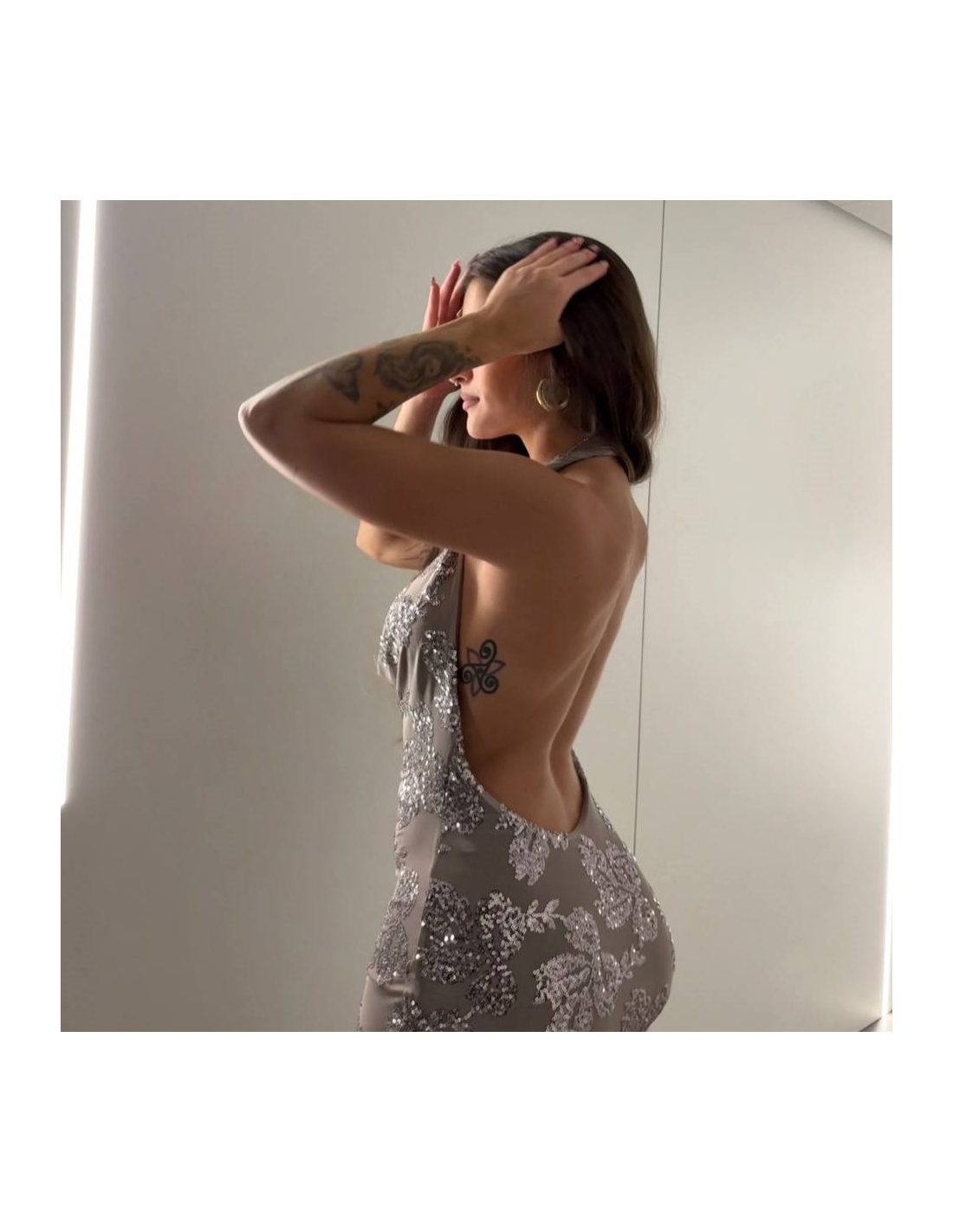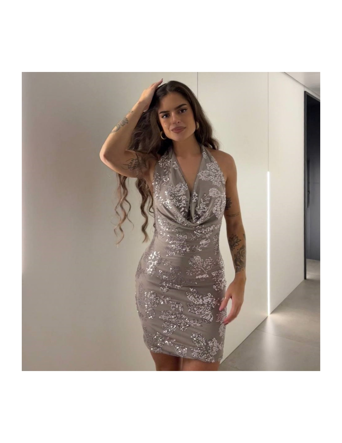 Vestido corto lentejuelas en tono taupé. Escote fluido. Talla única
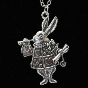 This new fashion necklace has a 1.5 inch long White Rabbit pendant from Alice in wonderland. The silver tone necklace is 20 inches long.
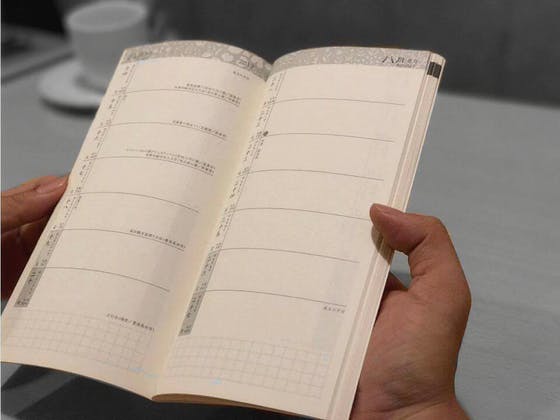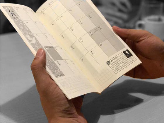 2017/10/26 23:23なんと!国東半島手帖の具体的な仕様を、ここまで全くご紹介していないことに気がつきました! 手帳のサイズは、210mm×105mm。具体的には、A4三つ折りがちょうど差し込める大きさです。(あちこち巡っているとA4の資料が増えてきませんか?三つ折りにして手帳にはさめば、すっきり!) マンスリーページは、予定をたっぷり書き込めるようになるべくシンプルにしました。 日付は、あえて漢数字!(卅=30という漢字をこの度はじめて知りました!)祝日、二十四節気、そして満月と新月を表示しています。 ページ下にはメモ用の余白を確保。(私は日付の確定していない予定を付箋に書いて、このスペースにぺたぺた貼ったりします。) 右下には、毎月ミニコラムを載せました。その季節のお祭りや食べものなど、私たちが季節を感じる風物詩を写真と文章で小さくまとめています。 手帳としての実用性を重視したマンスリーページ。国東半島手帖のいちばんの国東半島手帖らしさは、ウィークリーページにぎゅっと詰め込まれていると思います。次回は、ウィークリーページのご紹介です! (半島会議:荒井) もっと見る
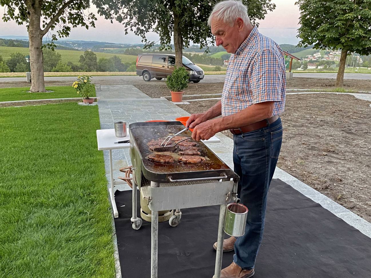 Nach den Spielen ging es wieder bergauf. Mit dem E-Velo kein Problem. Heute wollte der Platzchef grillieren. Gegen 50 Personen freuten sich auf einen gemütlichen Abend. Wir wurden überrascht von einem Salat- und Dessert Buffet. Der Seniorchef bediente den Grill. Es gab diverse Wildstücke von der eigenen Jagd. Das habe ich noch nie gehabt. Schmeckt fein. gegen 22.00 Uhr löste sich die Gesellschaft langsam auf. Wir genossen noch den Sonnenuntergang und gingen später Schlafen. Morgen ist ein weiterer strenger Tag. Morgen spielen zu den anderen Mannschaften auch noch die drei U21 Teams in zwei Spielen um den EM Titel.
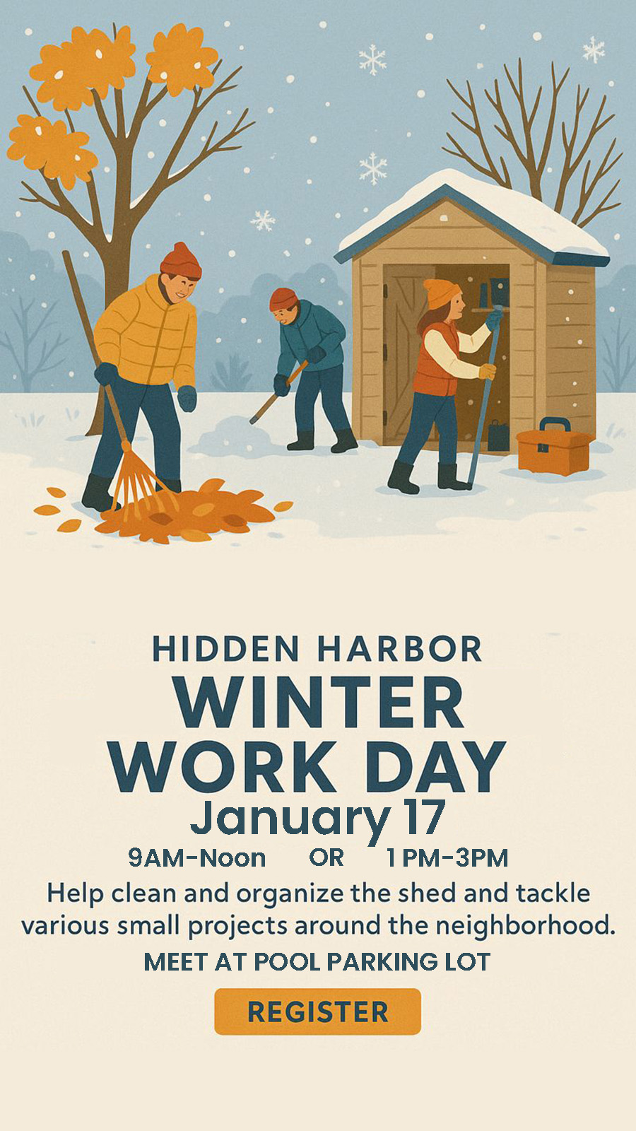January 17 @ 1:00 pm - 4:00 pm Neighborhood Cleanup Part 2 Hidden Harbor Pool 6544 Lake Meadows Dr, Hixson Let’s Spruce Up the Neighborhood! It’s time for a Neighborhood Cleanup & Work Day, and we’re looking for volunteers to Free
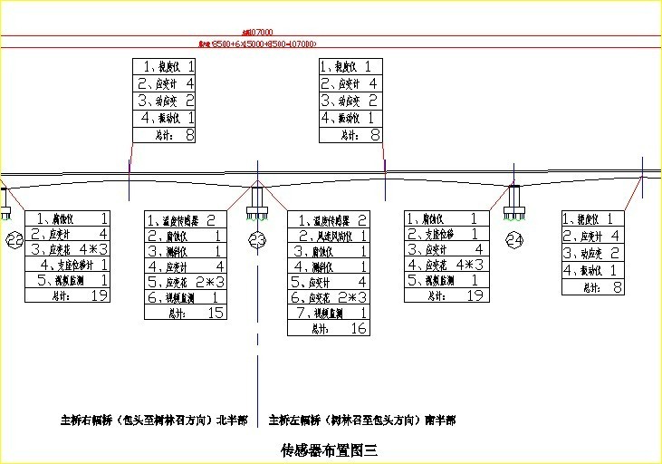 综上,包树高速黄河大桥健康监测系统的监测部位为:北引桥(85m+6×150m+85m)右幅南半部、主桥(85m+6×150m+85m)右幅北半部、主桥(85m+6×150m+85m)左幅南半部、南引桥(85m+6×150m+85m)左幅南半部,共计四个全面、典型的监测部位。监测截面涉及南桥头主线和以上四个监测部位共27个监测区域截面,共计17个监测项目、12种传感器、331个(套)传感器和监测点。
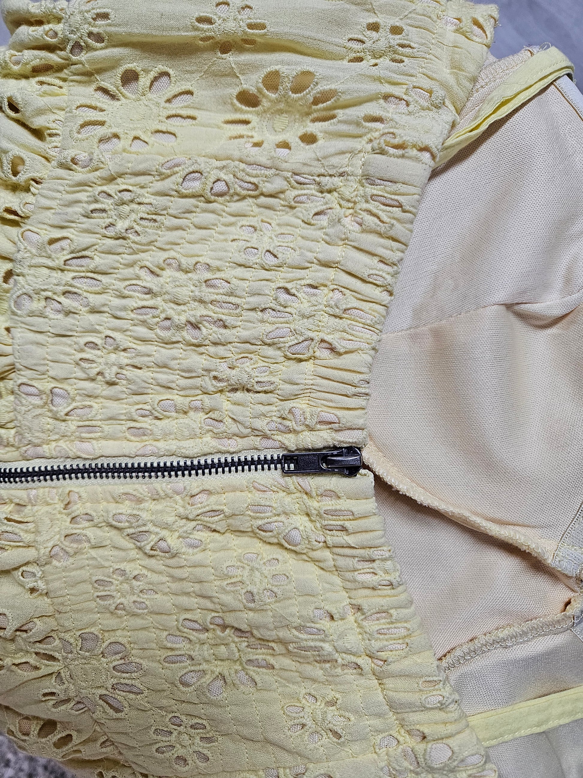 Eyelet embroidered dress. Can be worn with or without straps. Elastic back.
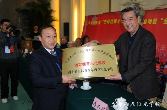 经过国家关工委一年来的调研考评,我校被指定为“全国德育示范学校”,在颁奖仪式上,中央委员、新华社社长李从军同志为我校授铜牌。
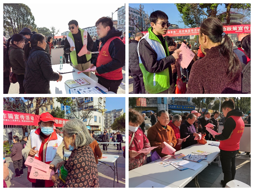 为深入推进社会信用体系建设,加大诚信理念教育宣传,进一步提升辖区居民防诈意识,提高识诈能力,保障群众财产安全,2月22日上午,城北社区携手县民政局、明溪县明德社工发展中心开展“铸就防诈长城 擦亮识骗慧眼”防诈骗宣传活动。
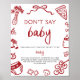 🍕 👶 Lado Desenhado Italiano Não Diga Chá de fraldas Bebê Sinal ✨ Adicione uma fatia de diversão ao seu chá com este sinal de jogo Don't Say Baby, estilizado com pizza rustica desenhada à mão, massa e rabisco Italiano. Os convidados adorarão o desafio de se calar enquanto desfrutam das vibrações calorosas inspiradas na sua Ciao Bambino ou do tema Parto Especial. Com sua paleta vermelha e branca divertida e design neutra do ponto de vista do gênero, este sinal é perfeito para qualquer mamma a ser. Use-o como uma peça central na sua mesa de jogos ou emparelhe-o com nossos convites, placas, guardanapos, balões, e etiquetas a favor de uma celebração coordenada pela bellissimo. ❤️ 🎉 🍷
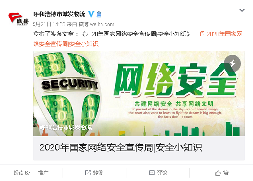 城發(fā)物流公司開展2020年國家 網(wǎng)絡(luò)安全宣傳周活動
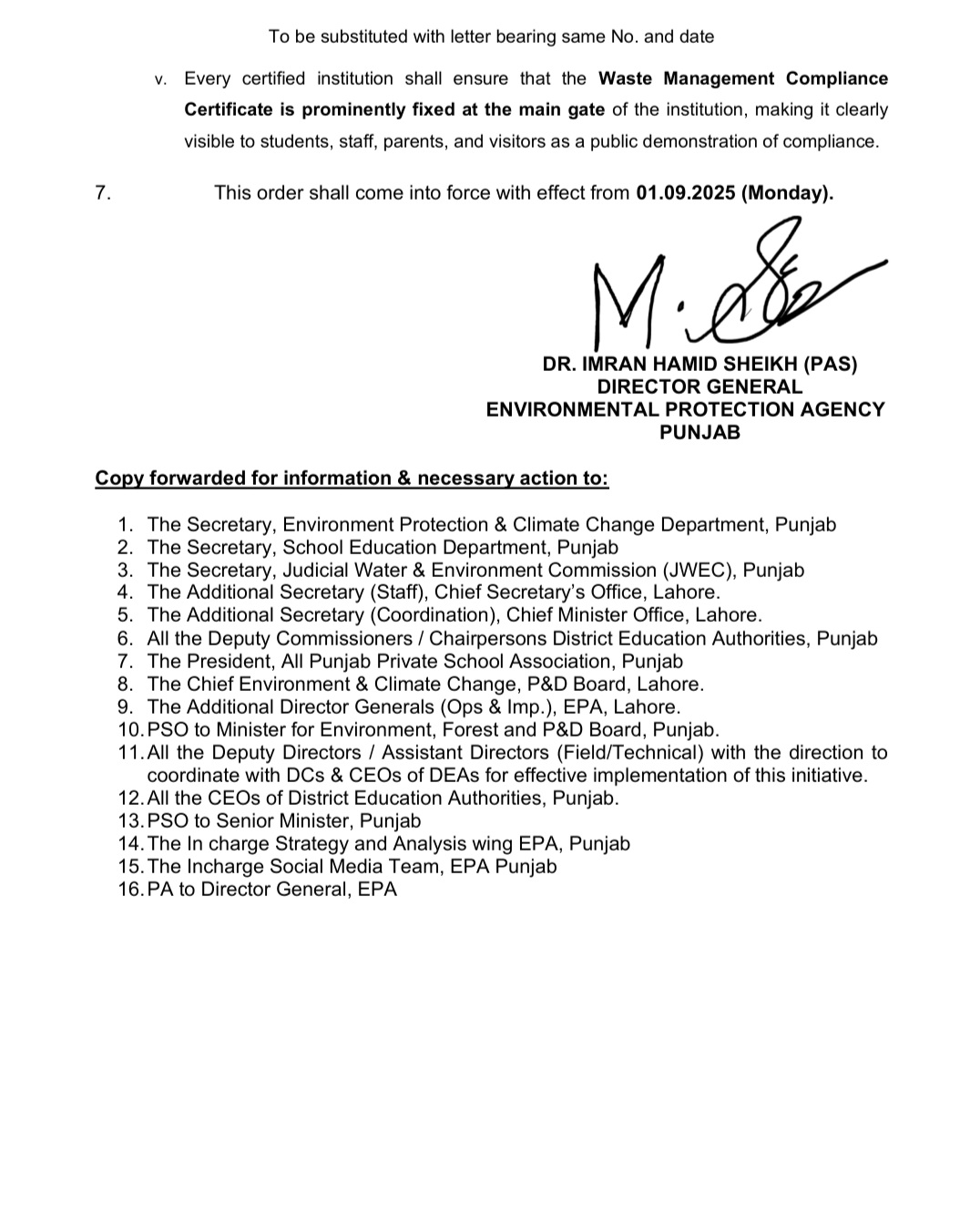 یکم اکتوبر سے ای پی اے کے فیلڈ آفیسران موقع پر جا کر سکولز کا معائنہ اور کوڑے کے ڈبوں کی موجودگی چیک کریں گے- کوڑا کرکٹ الگ رکھنے کے لیے ڈبوں کی تقسیم: پیلا ڈبہ کاغذ کے لیے، سبز ڈبہ شیشے کے لیے، خاکی ڈبہ نامیاتی کچرے کے لیے، سرخ ڈبہ دھات کے لیے، نارنجی ڈبہ پلاسٹک کے لیے لازمی قرار دیا گیا ہے۔کچرے کی باقاعدہ اٹھان کے لیے اداروں کو پنجاب ویسٹ مینجمنٹ ہیلپ لائن 1139 سے مدد لینے کی سہولت فراہم کی گئی ہے۔ماحولیاتی شعور اجاگر کرنے کے لیے طلبہ اور اساتذہ کو فضلہ الگ کرنے کی آگاہی دینا بھی لازمی حصہ قرار دیا گیا ہے۔ترجمان ساجد بشیر کے مطابق صرف وہی تعلیمی ادارے "اسمارٹ ویسٹ سرٹیفائیڈ” کہلائیں گے جو مکمل ضوابط پر عملدرآمد کریں گے۔سرٹیفکیٹ حاصل کرنے والے ادارے کو مرکزی دروازے پر اسمارٹ ویسٹ سرٹیفکیٹ نمایاں طور پر آویزاں کرنا ہوگا تاکہ والدین اور طلبہ دیکھ سکیں-ماہرین کے مطابق یہ اقدام ماحولیاتی آلودگی کم کرنے، کچرا ری سائیکلنگ بڑھانے اور قیمتی وسائل دوبارہ استعمال کے قابل بنانے میں مددگار ثابت ہوگا۔حکم کی خلاف ورزی کرنے والے تعلیمی ادارے 5 لاکھ روپے تک جرمانے اور روزانہ کی بنیاد پر ایک ہزار روپے اضافی جرمانے کے مستحق ہوں گے۔
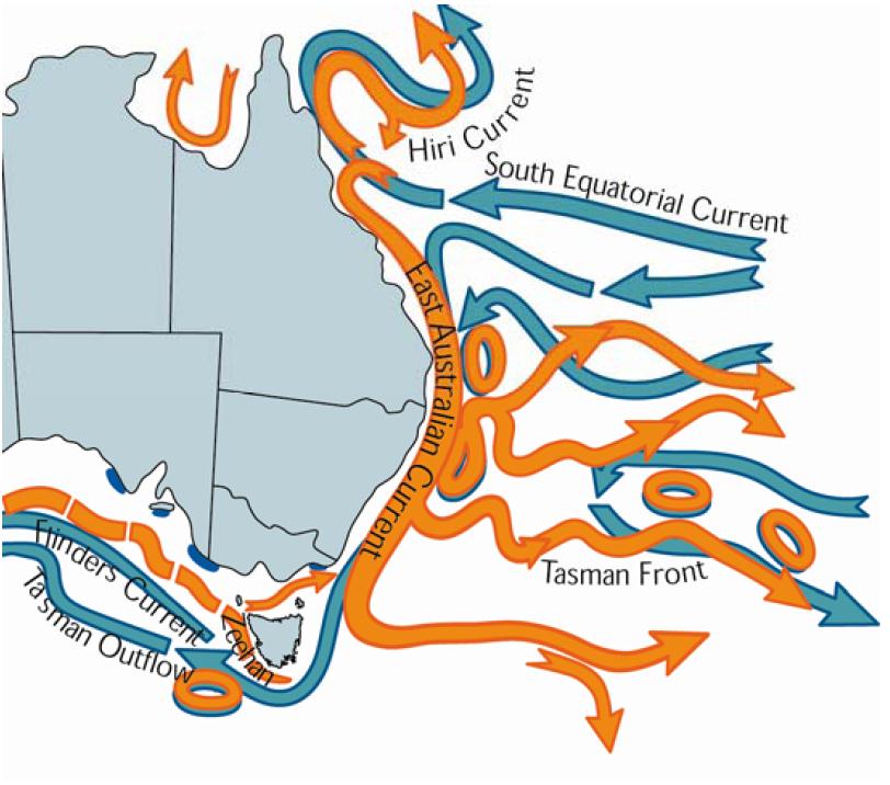 Above: the system of currents along Australia’s eastern coastlines (CSIRO).

---------------

AIM OF THE TASK>
Return only the lines running from the top of the data to the line that holds "Nach den Spielen". Include both of those lines, but skip the pictures.

ANSWER TO THE EXERCISE>
 Vestido corto lentejuelas en tono taupé. Escote fluido. Talla única
 This new fashion necklace has a 1.5 inch long White Rabbit pendant from Alice in wonderland. The silver tone necklace is 20 inches long.
 2017/10/26 23:23なんと!国東半島手帖の具体的な仕様を、ここまで全くご紹介していないことに気がつきました! 手帳のサイズは、210mm×105mm。具体的には、A4三つ折りがちょうど差し込める大きさです。(あちこち巡っているとA4の資料が増えてきませんか?三つ折りにして手帳にはさめば、すっきり!) マンスリーページは、予定をたっぷり書き込めるようになるべくシンプルにしました。 日付は、あえて漢数字!(卅=30という漢字をこの度はじめて知りました!)祝日、二十四節気、そして満月と新月を表示しています。 ページ下にはメモ用の余白を確保。(私は日付の確定していない予定を付箋に書いて、このスペースにぺたぺた貼ったりします。) 右下には、毎月ミニコラムを載せました。その季節のお祭りや食べものなど、私たちが季節を感じる風物詩を写真と文章で小さくまとめています。 手帳としての実用性を重視したマンスリーページ。国東半島手帖のいちばんの国東半島手帖らしさは、ウィークリーページにぎゅっと詰め込まれていると思います。次回は、ウィークリーページのご紹介です! (半島会議:荒井) もっと見る
 Nach den Spielen ging es wieder bergauf. Mit dem E-Velo kein Problem. Heute wollte der Platzchef grillieren. Gegen 50 Personen freuten sich auf einen gemütlichen Abend. Wir wurden überrascht von einem Salat- und Dessert Buffet. Der Seniorchef bediente den Grill. Es gab diverse Wildstücke von der eigenen Jagd. Das habe ich noch nie gehabt. Schmeckt fein. gegen 22.00 Uhr löste sich die Gesellschaft langsam auf. Wir genossen noch den Sonnenuntergang und gingen später Schlafen. Morgen ist ein weiterer strenger Tag. Morgen spielen zu den anderen Mannschaften auch noch die drei U21 Teams in zwei Spielen um den EM Titel.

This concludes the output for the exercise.